Stored data
----------

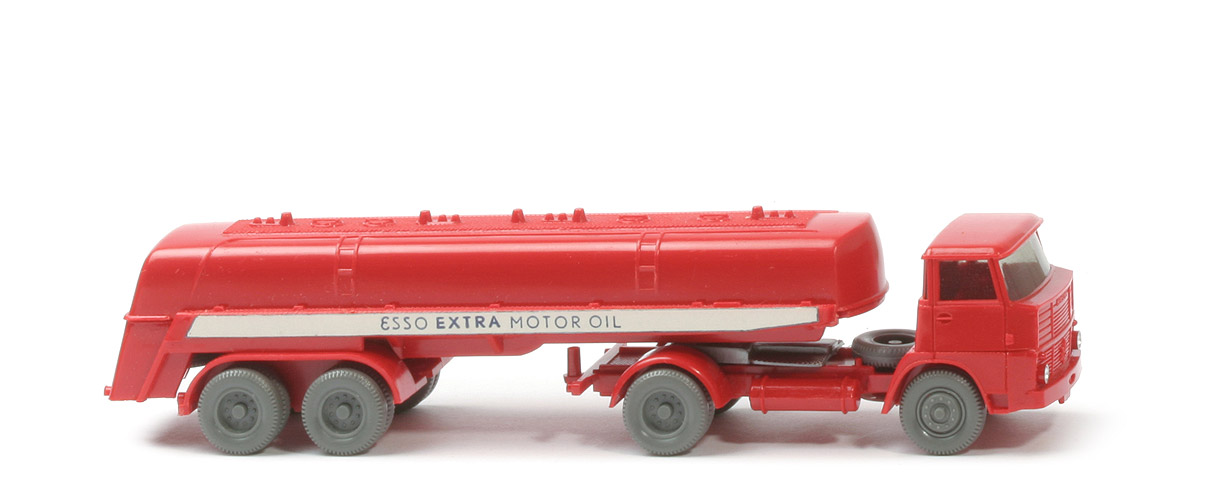 | Zugmaschine | Kabine oben | rot | Kabine unten | rot | Verglasung | getönt | Chassistyp | alt | Zughaken | mit | Fläche hinter Sattelpfanne | geriffelt | Chassisfarbe | rot | Sattelpfanne | alt, mit Steg, für kleinen KöBo | Reserverad | auf Chassis | Räder | einteilig hellgrau | | Auflieger | Farbe Korpus, Unterteil | rot | Farbe Achseinheit | rot | Typ Achseinheit | Made in Germany | Königsbolzen | dünn, eckig, geklebt | Reserverad | ohne | Beschriftung Seite | Esso EXTRA ... (s. Foto) | Schriftfarbe Seite | dunkelblau | Beschriftung Heck | Esso Logo | Räder | einteilig hellgrau |
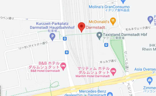 電車Sバーンの停留駅「Darmstadt駅」が、Sharksの最寄り駅となっているので、筆者も宿泊ホテルからここまで一旦向かい、その後タクシーに乗り換えて行きました。
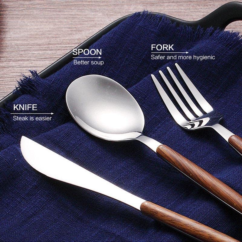 SAFE & FOOD-GRADE MATERIAL: Our flatware cutlery set is made of premium safe and food-grade stainless steel, which is eco-friendly, non-toxic, BPA free.
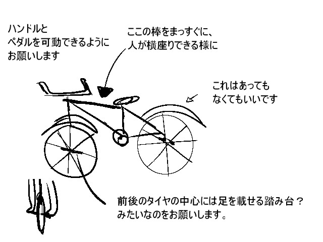 ![]() 絵が雑ですみません。 Pose studioようにFBXやOBJやLWOでフォーマットはかまいませんのでハンドルとペダル可動マウンテンバイクをお願いします。 既にいくつかありますが、ママチャリや、デザイン的に求めているのとは違うのでリクエストさせてください。 二人乗りができるように、真ん中?の横の棒をまっすぐに、そして太すぎず細すぎず。 こちらのウェブにあるような感じのに、タイヤに足場をつけ確か感じでお願いします。 よくマウンテンバイクSHOWなどで、その足場を利用して、バイク全体を回転させたりする技があるじゃないですか?それをやるためにお願いします。 サドル、ハンドルのデザインはお任せします。ブレーキ付きでお願いします。 |
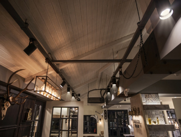 上榜理发店空间为了打造多个小环境,大量使用射灯来实现。较暗的空间内,不同小环境的高光,可以使得空间看起来更为高端。
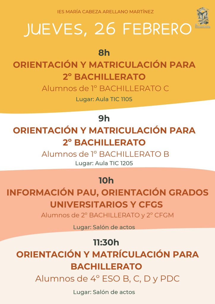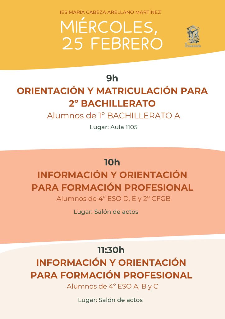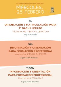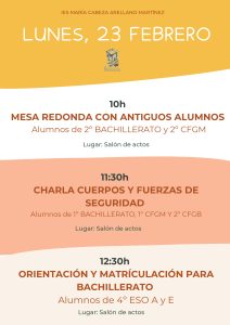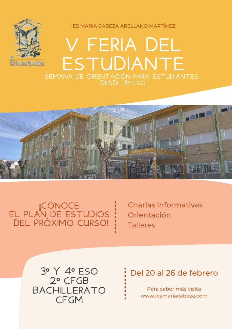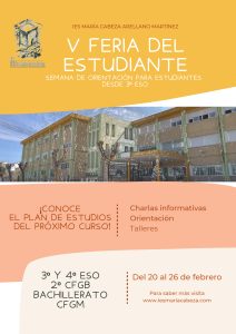 Como en años anteriores, en este curso escolar, nuestra feria del estudiante tendrá lugar en este caso, del día 20 al 26 de febrero. En ella, el alumnado de 3º y 4º de la ESO, Ciclos Formativos y Bachillerato, tendrán una serie de charlas y actividades para conocer las salidas del próximo curso escolar.

----------

*What is being asked:* Copy exactly, and copy nothing else: the lines from the start of the data above through the line that holds "SAFE & FOOD-GRADE". The pictures stay out.

*Solved problem:*
 | Zugmaschine | Kabine oben | rot | Kabine unten | rot | Verglasung | getönt | Chassistyp | alt | Zughaken | mit | Fläche hinter Sattelpfanne | geriffelt | Chassisfarbe | rot | Sattelpfanne | alt, mit Steg, für kleinen KöBo | Reserverad | auf Chassis | Räder | einteilig hellgrau | | Auflieger | Farbe Korpus, Unterteil | rot | Farbe Achseinheit | rot | Typ Achseinheit | Made in Germany | Königsbolzen | dünn, eckig, geklebt | Reserverad | ohne | Beschriftung Seite | Esso EXTRA ... (s. Foto) | Schriftfarbe Seite | dunkelblau | Beschriftung Heck | Esso Logo | Räder | einteilig hellgrau |
 電車Sバーンの停留駅「Darmstadt駅」が、Sharksの最寄り駅となっているので、筆者も宿泊ホテルからここまで一旦向かい、その後タクシーに乗り換えて行きました。
 SAFE & FOOD-GRADE MATERIAL: Our flatware cutlery set is made of premium safe and food-grade stainless steel, which is eco-friendly, non-toxic, BPA free.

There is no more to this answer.